### [To do]
Exactly reproduce each entry, leaving out nothing.
++++ Source data
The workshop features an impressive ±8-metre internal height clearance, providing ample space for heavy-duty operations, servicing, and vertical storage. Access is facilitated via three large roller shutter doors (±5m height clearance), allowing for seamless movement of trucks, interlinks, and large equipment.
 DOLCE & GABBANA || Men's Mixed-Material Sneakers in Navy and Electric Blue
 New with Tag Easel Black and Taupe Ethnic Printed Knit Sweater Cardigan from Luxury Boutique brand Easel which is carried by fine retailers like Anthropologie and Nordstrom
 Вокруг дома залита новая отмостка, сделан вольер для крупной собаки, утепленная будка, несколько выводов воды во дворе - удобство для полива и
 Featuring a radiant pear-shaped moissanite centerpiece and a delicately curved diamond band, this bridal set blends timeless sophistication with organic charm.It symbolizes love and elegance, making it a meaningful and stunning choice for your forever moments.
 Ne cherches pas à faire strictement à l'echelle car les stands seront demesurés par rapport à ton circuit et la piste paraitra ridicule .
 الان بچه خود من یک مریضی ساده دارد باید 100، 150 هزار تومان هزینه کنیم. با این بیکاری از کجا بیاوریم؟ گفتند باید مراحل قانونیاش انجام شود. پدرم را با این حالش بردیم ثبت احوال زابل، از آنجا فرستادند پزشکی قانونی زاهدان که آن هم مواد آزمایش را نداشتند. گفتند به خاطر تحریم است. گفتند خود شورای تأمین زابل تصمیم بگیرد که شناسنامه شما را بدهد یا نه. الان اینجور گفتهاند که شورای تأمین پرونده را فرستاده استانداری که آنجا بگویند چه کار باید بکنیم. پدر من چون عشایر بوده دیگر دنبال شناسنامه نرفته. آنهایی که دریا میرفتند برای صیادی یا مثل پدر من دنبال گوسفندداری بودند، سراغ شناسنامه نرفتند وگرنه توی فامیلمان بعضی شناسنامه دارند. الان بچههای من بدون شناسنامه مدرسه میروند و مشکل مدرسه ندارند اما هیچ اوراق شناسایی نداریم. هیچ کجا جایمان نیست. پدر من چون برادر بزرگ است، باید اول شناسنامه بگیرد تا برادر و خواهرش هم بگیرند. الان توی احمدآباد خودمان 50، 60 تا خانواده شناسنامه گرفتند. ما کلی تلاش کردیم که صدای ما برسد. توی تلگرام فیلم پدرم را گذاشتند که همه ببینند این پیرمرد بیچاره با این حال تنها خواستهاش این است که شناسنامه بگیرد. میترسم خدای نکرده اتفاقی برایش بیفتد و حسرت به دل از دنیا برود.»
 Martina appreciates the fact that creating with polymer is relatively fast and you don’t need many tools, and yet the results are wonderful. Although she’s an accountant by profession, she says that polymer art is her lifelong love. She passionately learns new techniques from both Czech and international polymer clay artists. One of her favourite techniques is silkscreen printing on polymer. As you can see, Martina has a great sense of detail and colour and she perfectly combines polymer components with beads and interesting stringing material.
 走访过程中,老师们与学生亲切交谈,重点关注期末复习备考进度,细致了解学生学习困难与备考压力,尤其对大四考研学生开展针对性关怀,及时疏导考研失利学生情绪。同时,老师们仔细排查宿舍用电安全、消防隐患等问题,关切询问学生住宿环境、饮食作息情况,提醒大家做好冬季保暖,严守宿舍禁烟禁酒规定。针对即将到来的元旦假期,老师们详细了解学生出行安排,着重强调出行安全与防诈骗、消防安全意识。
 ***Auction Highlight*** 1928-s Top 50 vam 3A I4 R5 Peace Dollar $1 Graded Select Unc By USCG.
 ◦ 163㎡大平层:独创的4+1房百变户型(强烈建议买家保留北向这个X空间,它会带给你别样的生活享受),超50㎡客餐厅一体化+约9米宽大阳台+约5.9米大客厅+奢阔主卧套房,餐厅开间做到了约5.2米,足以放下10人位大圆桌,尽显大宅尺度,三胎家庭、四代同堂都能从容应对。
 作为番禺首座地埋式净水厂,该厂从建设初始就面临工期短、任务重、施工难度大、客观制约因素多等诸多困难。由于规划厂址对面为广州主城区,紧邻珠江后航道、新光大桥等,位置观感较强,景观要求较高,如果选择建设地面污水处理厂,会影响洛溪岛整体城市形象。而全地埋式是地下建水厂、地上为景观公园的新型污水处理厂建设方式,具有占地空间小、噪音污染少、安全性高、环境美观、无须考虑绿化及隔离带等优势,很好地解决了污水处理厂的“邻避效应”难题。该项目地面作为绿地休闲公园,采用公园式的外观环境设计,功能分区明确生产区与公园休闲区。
++++++++
### [Task output]
The workshop features an impressive ±8-metre internal height clearance, providing ample space for heavy-duty operations, servicing, and vertical storage. Access is facilitated via three large roller shutter doors (±5m height clearance), allowing for seamless movement of trucks, interlinks, and large equipment.
 DOLCE & GABBANA || Men's Mixed-Material Sneakers in Navy and Electric Blue
 New with Tag Easel Black and Taupe Ethnic Printed Knit Sweater Cardigan from Luxury Boutique brand Easel which is carried by fine retailers like Anthropologie and Nordstrom
 Вокруг дома залита новая отмостка, сделан вольер для крупной собаки, утепленная будка, несколько выводов воды во дворе - удобство для полива и
 Featuring a radiant pear-shaped moissanite centerpiece and a delicately curved diamond band, this bridal set blends timeless sophistication with organic charm.It symbolizes love and elegance, making it a meaningful and stunning choice for your forever moments.
 Ne cherches pas à faire strictement à l'echelle car les stands seront demesurés par rapport à ton circuit et la piste paraitra ridicule .
 الان بچه خود من یک مریضی ساده دارد باید 100، 150 هزار تومان هزینه کنیم. با این بیکاری از کجا بیاوریم؟ گفتند باید مراحل قانونیاش انجام شود. پدرم را با این حالش بردیم ثبت احوال زابل، از آنجا فرستادند پزشکی قانونی زاهدان که آن هم مواد آزمایش را نداشتند. گفتند به خاطر تحریم است. گفتند خود شورای تأمین زابل تصمیم بگیرد که شناسنامه شما را بدهد یا نه. الان اینجور گفتهاند که شورای تأمین پرونده را فرستاده استانداری که آنجا بگویند چه کار باید بکنیم. پدر من چون عشایر بوده دیگر دنبال شناسنامه نرفته. آنهایی که دریا میرفتند برای صیادی یا مثل پدر من دنبال گوسفندداری بودند، سراغ شناسنامه نرفتند وگرنه توی فامیلمان بعضی شناسنامه دارند. الان بچههای من بدون شناسنامه مدرسه میروند و مشکل مدرسه ندارند اما هیچ اوراق شناسایی نداریم. هیچ کجا جایمان نیست. پدر من چون برادر بزرگ است، باید اول شناسنامه بگیرد تا برادر و خواهرش هم بگیرند. الان توی احمدآباد خودمان 50، 60 تا خانواده شناسنامه گرفتند. ما کلی تلاش کردیم که صدای ما برسد. توی تلگرام فیلم پدرم را گذاشتند که همه ببینند این پیرمرد بیچاره با این حال تنها خواستهاش این است که شناسنامه بگیرد. میترسم خدای نکرده اتفاقی برایش بیفتد و حسرت به دل از دنیا برود.»
 Martina appreciates the fact that creating with polymer is relatively fast and you don’t need many tools, and yet the results are wonderful. Although she’s an accountant by profession, she says that polymer art is her lifelong love. She passionately learns new techniques from both Czech and international polymer clay artists. One of her favourite techniques is silkscreen printing on polymer. As you can see, Martina has a great sense of detail and colour and she perfectly combines polymer components with beads and interesting stringing material.
 走访过程中,老师们与学生亲切交谈,重点关注期末复习备考进度,细致了解学生学习困难与备考压力,尤其对大四考研学生开展针对性关怀,及时疏导考研失利学生情绪。同时,老师们仔细排查宿舍用电安全、消防隐患等问题,关切询问学生住宿环境、饮食作息情况,提醒大家做好冬季保暖,严守宿舍禁烟禁酒规定。针对即将到来的元旦假期,老师们详细了解学生出行安排,着重强调出行安全与防诈骗、消防安全意识。
 ***Auction Highlight*** 1928-s Top 50 vam 3A I4 R5 Peace Dollar $1 Graded Select Unc By USCG.
 ◦ 163㎡大平层:独创的4+1房百变户型(强烈建议买家保留北向这个X空间,它会带给你别样的生活享受),超50㎡客餐厅一体化+约9米宽大阳台+约5.9米大客厅+奢阔主卧套房,餐厅开间做到了约5.2米,足以放下10人位大圆桌,尽显大宅尺度,三胎家庭、四代同堂都能从容应对。
 作为番禺首座地埋式净水厂,该厂从建设初始就面临工期短、任务重、施工难度大、客观制约因素多等诸多困难。由于规划厂址对面为广州主城区,紧邻珠江后航道、新光大桥等,位置观感较强,景观要求较高,如果选择建设地面污水处理厂,会影响洛溪岛整体城市形象。而全地埋式是地下建水厂、地上为景观公园的新型污水处理厂建设方式,具有占地空间小、噪音污染少、安全性高、环境美观、无须考虑绿化及隔离带等优势,很好地解决了污水处理厂的“邻避效应”难题。该项目地面作为绿地休闲公园,采用公园式的外观环境设计,功能分区明确生产区与公园休闲区。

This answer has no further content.